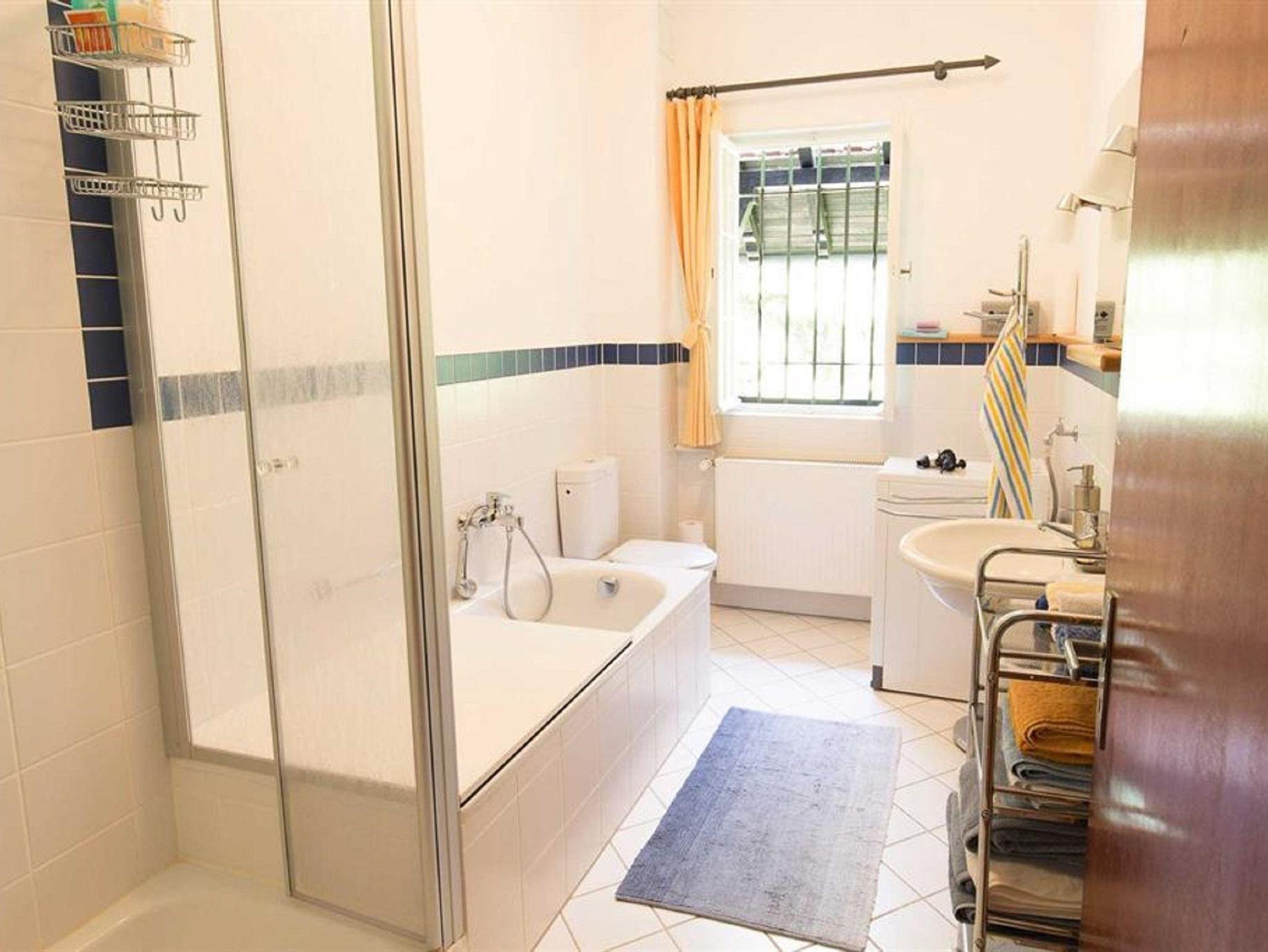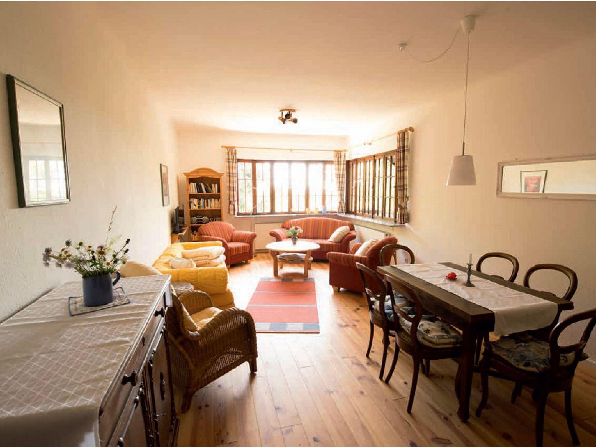 Von hier geht es in eine Diele mit Gästetoilette, ein großes Wohnzimmer mit Fernblick ausgestattet mit SAT-TV, CD-Player, Radio, Büchern, Malsachen für Kinder sowie eine Auswahl an Spielen. Das modern eingerichtete Bad hat eine Toilette, eine Dusche und eine Wanne und Waschmaschine. Im Eingangsbereich ist außerdem ein Trockner zu finden. Handtücher sind inklusive und brauchen nicht mitgebracht werden. Im absolut ruhig gelegenen Schlafzimmer finden zwei Erwachsene und ein Kleinkind Platz zum Schlafen. Die Betten sind frisch bezogen, Sie brauchen keine Bettwäsche mitzubringen. Dank Kleiderschrank und Garderobe ist alles schnell am richtigen Platz. Zusätzliche Schlafmöglichkeiten bietet eine große Schlafcouch im Wohnzimmer.
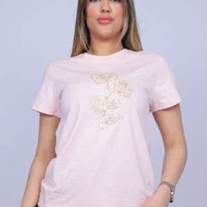 A delicate and elegant T-shirt featuring a beautiful floral design enhanced with pearl-style and sparkling embellishments. The detailed flower artwork adds a soft feminine charm while keeping the look simple and stylish. Perfect for everyday outfits, this piece adds a subtle decorative touch to a classic casual T-shirt.
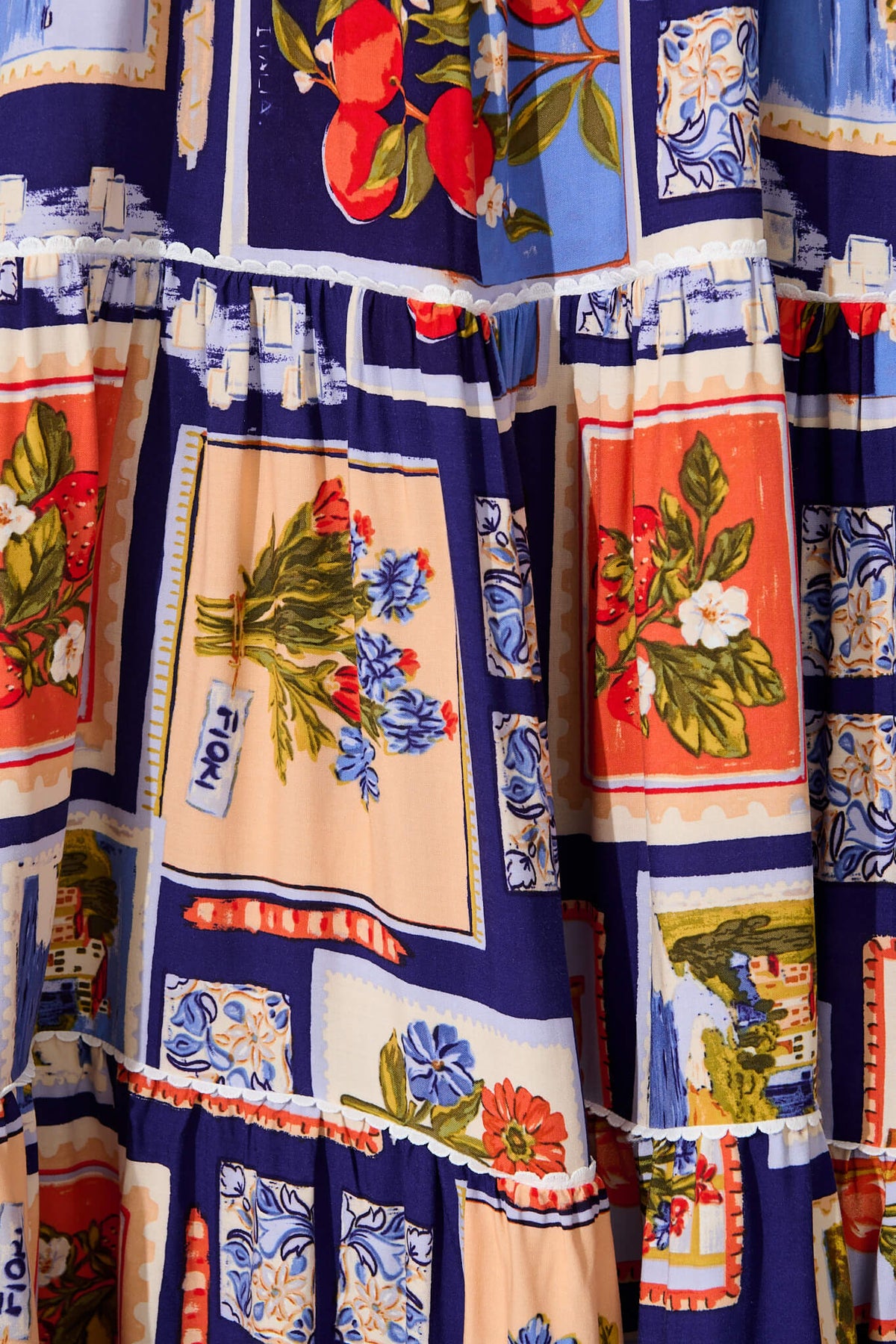 Our Jenelle Maxi Sundress in Blue Multi Postcard Print is the perfect dress for a carefree summer adventure.
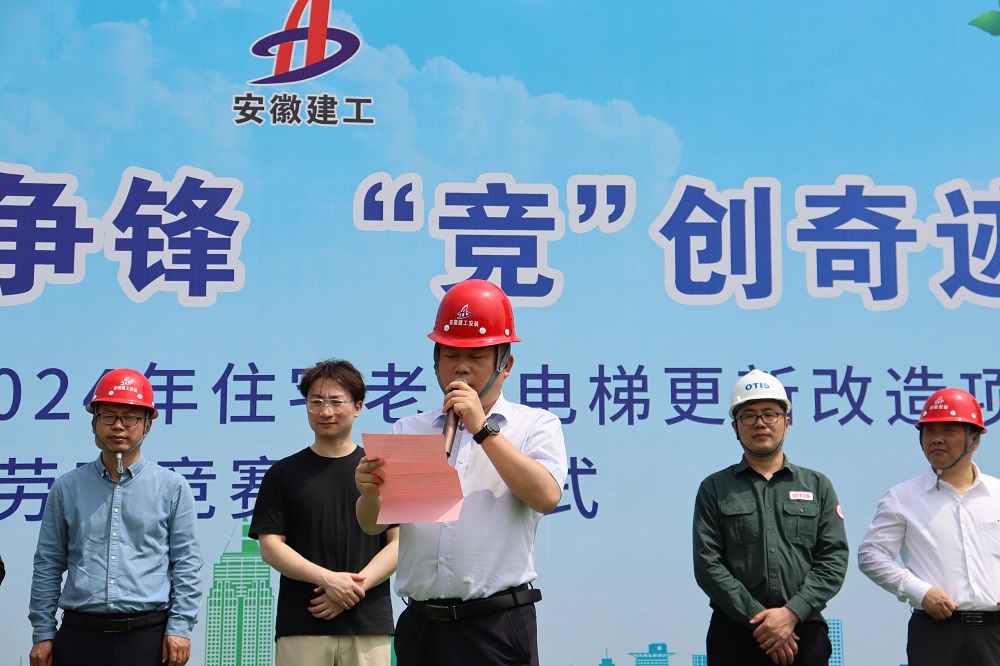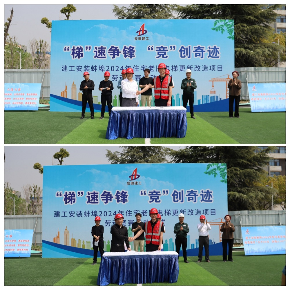 为贯彻集团和公司两级职代会精神,落实公司劳动竞赛活动相关工作要求,加快工程建设进度,不断提高项目管理和建设水平,4月10日,建工安装电梯分公司蚌埠2024年住宅老旧电梯更新改造项目举行了以“梯”速争锋 “竞”创奇迹为主题的劳动竞赛启动仪式,正式吹响了“大干20天,决战4.30”劳动竞赛的奋进号角。蚌埠市城市投资控股有限公司代表、分公司班子成员、项目部管理人员、各参建单位代表及作业人员共130余人参加活动。
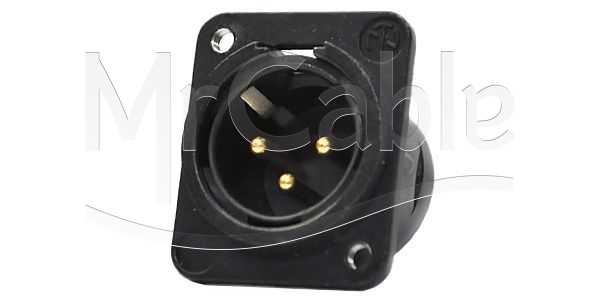 Панельный разъем XLR, 3-х контактный <штекер/папа>, DL-серия, фланец D-типа, черный хромированный металлический корпус, контакты - покрытие золото, монтажные отверстия M3, под пайку.

##############################

**WHAT THE EXERCISE ASKS**
An exact copy of the material above is required, minus its images.

**WORKED SOLUTION**
 Von hier geht es in eine Diele mit Gästetoilette, ein großes Wohnzimmer mit Fernblick ausgestattet mit SAT-TV, CD-Player, Radio, Büchern, Malsachen für Kinder sowie eine Auswahl an Spielen. Das modern eingerichtete Bad hat eine Toilette, eine Dusche und eine Wanne und Waschmaschine. Im Eingangsbereich ist außerdem ein Trockner zu finden. Handtücher sind inklusive und brauchen nicht mitgebracht werden. Im absolut ruhig gelegenen Schlafzimmer finden zwei Erwachsene und ein Kleinkind Platz zum Schlafen. Die Betten sind frisch bezogen, Sie brauchen keine Bettwäsche mitzubringen. Dank Kleiderschrank und Garderobe ist alles schnell am richtigen Platz. Zusätzliche Schlafmöglichkeiten bietet eine große Schlafcouch im Wohnzimmer.
 A delicate and elegant T-shirt featuring a beautiful floral design enhanced with pearl-style and sparkling embellishments. The detailed flower artwork adds a soft feminine charm while keeping the look simple and stylish. Perfect for everyday outfits, this piece adds a subtle decorative touch to a classic casual T-shirt.
 Our Jenelle Maxi Sundress in Blue Multi Postcard Print is the perfect dress for a carefree summer adventure.
 为贯彻集团和公司两级职代会精神,落实公司劳动竞赛活动相关工作要求,加快工程建设进度,不断提高项目管理和建设水平,4月10日,建工安装电梯分公司蚌埠2024年住宅老旧电梯更新改造项目举行了以“梯”速争锋 “竞”创奇迹为主题的劳动竞赛启动仪式,正式吹响了“大干20天,决战4.30”劳动竞赛的奋进号角。蚌埠市城市投资控股有限公司代表、分公司班子成员、项目部管理人员、各参建单位代表及作业人员共130余人参加活动。
 Панельный разъем XLR, 3-х контактный <штекер/папа>, DL-серия, фланец D-типа, черный хромированный металлический корпус, контакты - покрытие золото, монтажные отверстия M3, под пайку.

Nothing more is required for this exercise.